* What you need to do
When you return the material, keep every line exactly as it is and omit the pictures.

* Extracted material
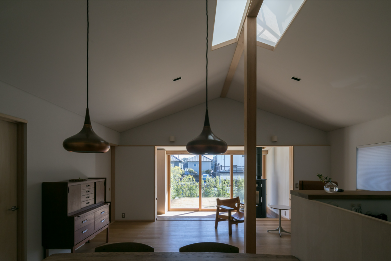 東向きの住まいでも家の奥までやさしい光が届くよう、家の中心にはトップライトを配置。朝には障子から漏れる光が心地よく、夜には内にこもる灯りが静かに包み込みます。
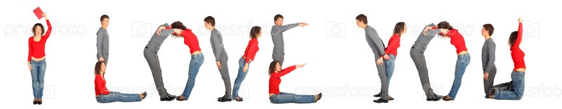 Мужчины и женщины составляют фразу I LOVE YOU, коллаж
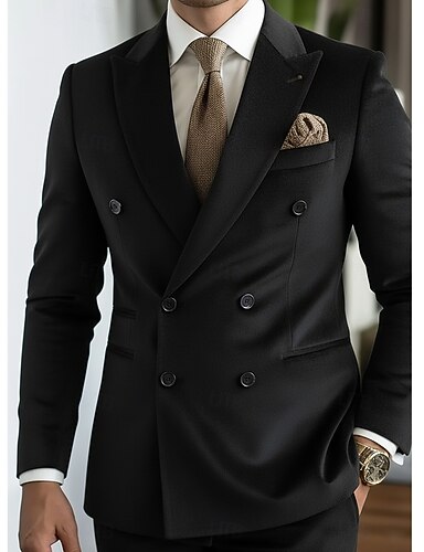 Uomo Abiti da lavoro Casuale Feste Nero Marrone Autunno & Inverno Tuta Bavero classico Formale Tinta unita Vestibilità su misura 2 pezzi Doppiopetto a sei bottoni
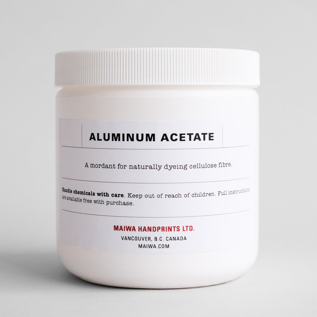 Aluminum Acetate is sometimes preferred over Alum to mordant cellulose fibres and fabrics. It is the salt of aluminum, hydroxide and acetate. Some people find that natural dyes develop to a richer shade on cellulose when mordanted with Aluminum Acetate.
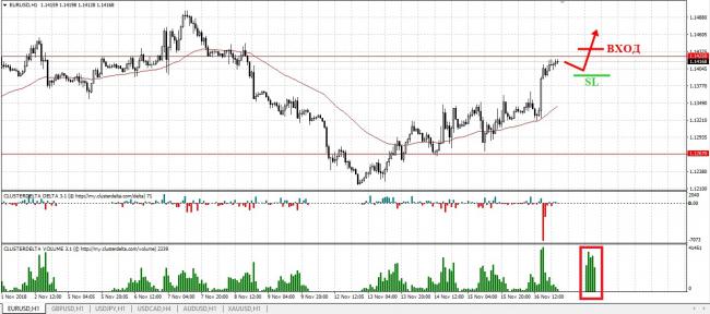 Пробойное движение должно быть стремительным и поддержано крупным объемом, что будет более точным и надежным сигналом для входа в рынок. Стоп лосс стоит ставить под пробойным объемным баром. Наша первая цель – 70 пунктов, вторая – 120 пунктов.
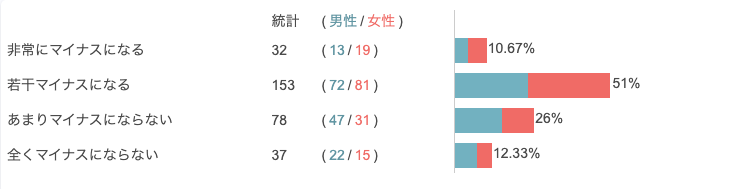 全くマイナスにならない:37(12.33%)
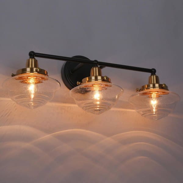 22.8 in. 3-Light Black Bathroom Vanity Light for Mirrors, Seeded Glass Bath Lighting, Industrial Brass Wall Sconce
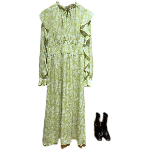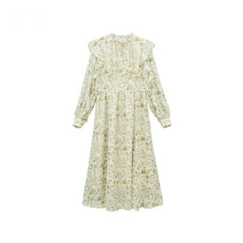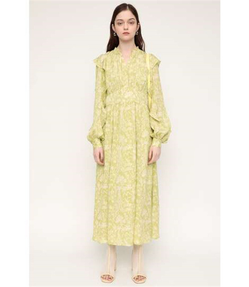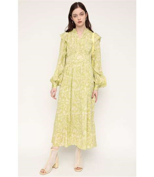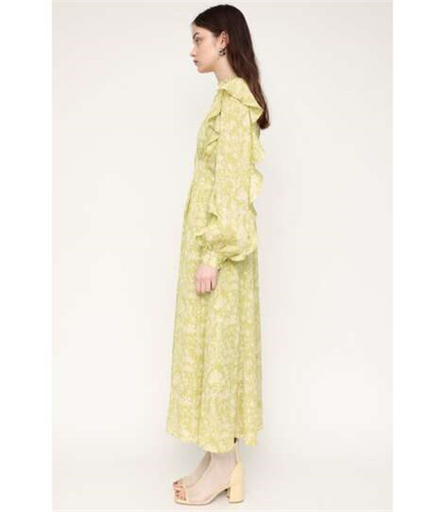 繊細な線画を女性らしいシルエットのワンピースに落とし込みました。いろんな種類の花を組み合わせた春を感じられる花柄です。ゆるかなマーメードシルエットとフリル付きのスリーブが女性らしい印象に。太めのウエストベルトのデザインは、ギャザーのボリュームを抑えてウエスト周りをシャープに見せてくれるアイテム。身頃には裏地が付いています。

* Answer section
 東向きの住まいでも家の奥までやさしい光が届くよう、家の中心にはトップライトを配置。朝には障子から漏れる光が心地よく、夜には内にこもる灯りが静かに包み込みます。
 Мужчины и женщины составляют фразу I LOVE YOU, коллаж
 Uomo Abiti da lavoro Casuale Feste Nero Marrone Autunno & Inverno Tuta Bavero classico Formale Tinta unita Vestibilità su misura 2 pezzi Doppiopetto a sei bottoni
 Aluminum Acetate is sometimes preferred over Alum to mordant cellulose fibres and fabrics. It is the salt of aluminum, hydroxide and acetate. Some people find that natural dyes develop to a richer shade on cellulose when mordanted with Aluminum Acetate.
 Пробойное движение должно быть стремительным и поддержано крупным объемом, что будет более точным и надежным сигналом для входа в рынок. Стоп лосс стоит ставить под пробойным объемным баром. Наша первая цель – 70 пунктов, вторая – 120 пунктов.
 全くマイナスにならない:37(12.33%)
 22.8 in. 3-Light Black Bathroom Vanity Light for Mirrors, Seeded Glass Bath Lighting, Industrial Brass Wall Sconce
 繊細な線画を女性らしいシルエットのワンピースに落とし込みました。いろんな種類の花を組み合わせた春を感じられる花柄です。ゆるかなマーメードシルエットとフリル付きのスリーブが女性らしい印象に。太めのウエストベルトのデザインは、ギャザーのボリュームを抑えてウエスト周りをシャープに見せてくれるアイテム。身頃には裏地が付いています。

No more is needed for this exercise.